**WORK INSTRUCTION:** Set down each line of the material that follows exactly, and leave its pictures out.

**DATA EXCERPT:**

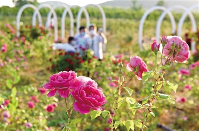 5月6日, 淮南市民在生态环境修复后的九大采煤塌陷区综合治理项目月季园中赏花游玩。全国重要能源基地淮南市抓好“九龙岗——大通”采煤塌陷区综合治理,项目区占地面积9.3平方公里, 总投资8.15亿元人民币,治理涵盖生态环境修复、水环境治理、基础设施建设等内容,该项目生态修复后绿化覆盖率由不足20%提升至75%以上。陈彬 赵永莉/图
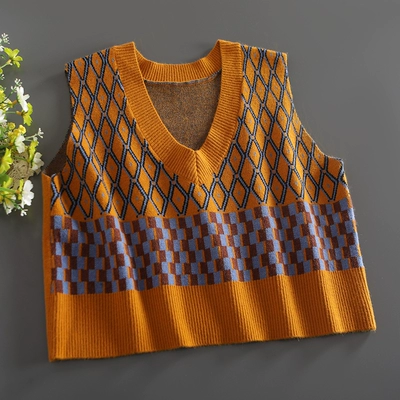 Phiên bản Hàn Quốc mới của chiếc áo vest dệt kim cổ chữ V ngắn hoang dã của phụ nữ mặc ngoài bình thường màu sắc hình kim cương phù hợp với áo ghi lê lỏng lẻo hợp thời trang - Áo vest
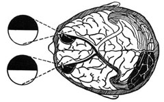 The processing of visual motion begins at the retina, where it is handled primarily by cells of the "magnocellular pathway." These cells send motion information to primary visual cortex via the lateral geniculate nucleus of the thalamus. Motion processing continues in cortex through several visual areas, ending up eventually in a region of temporal cortex called MT. Cells in MT respond to quite sophisticated aspects of motion, including motion in 3D and motion of animals. As is typical, the visual cortex of the left hemisphere of the brain processes information for the right visual field, and the right hemisphere processes the left visual field. A stroke to area MT in the left hemisphere can therefore impair the perception of motion in the right visual field, a condition known as hemi-akinetopsia. A patient suffering from hemi-akinetopsia has normal motion perception in one half, say the left half, of the visual field, but cannot see motion in the right half of the visual field. Instead, such a patient reports seeing the right half of the visual field as though it were viewed with a strobe light.
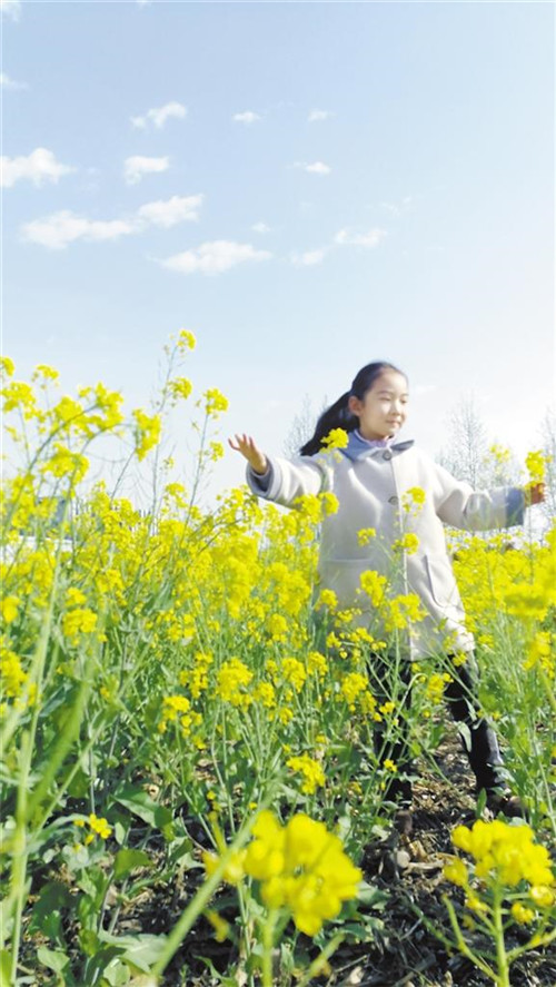 3月31日,記者在中心城區慶豐路與政通路交叉口附近看到,一位市民帶著孩子在盛開的油菜花里游玩、拍照,盡享春日美景。記者 關秋麗 攝

**RESPONSE TO THIS EXERCISE:**
 5月6日, 淮南市民在生态环境修复后的九大采煤塌陷区综合治理项目月季园中赏花游玩。全国重要能源基地淮南市抓好“九龙岗——大通”采煤塌陷区综合治理,项目区占地面积9.3平方公里, 总投资8.15亿元人民币,治理涵盖生态环境修复、水环境治理、基础设施建设等内容,该项目生态修复后绿化覆盖率由不足20%提升至75%以上。陈彬 赵永莉/图
 Phiên bản Hàn Quốc mới của chiếc áo vest dệt kim cổ chữ V ngắn hoang dã của phụ nữ mặc ngoài bình thường màu sắc hình kim cương phù hợp với áo ghi lê lỏng lẻo hợp thời trang - Áo vest
 The processing of visual motion begins at the retina, where it is handled primarily by cells of the "magnocellular pathway." These cells send motion information to primary visual cortex via the lateral geniculate nucleus of the thalamus. Motion processing continues in cortex through several visual areas, ending up eventually in a region of temporal cortex called MT. Cells in MT respond to quite sophisticated aspects of motion, including motion in 3D and motion of animals. As is typical, the visual cortex of the left hemisphere of the brain processes information for the right visual field, and the right hemisphere processes the left visual field. A stroke to area MT in the left hemisphere can therefore impair the perception of motion in the right visual field, a condition known as hemi-akinetopsia. A patient suffering from hemi-akinetopsia has normal motion perception in one half, say the left half, of the visual field, but cannot see motion in the right half of the visual field. Instead, such a patient reports seeing the right half of the visual field as though it were viewed with a strobe light.
 3月31日,記者在中心城區慶豐路與政通路交叉口附近看到,一位市民帶著孩子在盛開的油菜花里游玩、拍照,盡享春日美景。記者 關秋麗 攝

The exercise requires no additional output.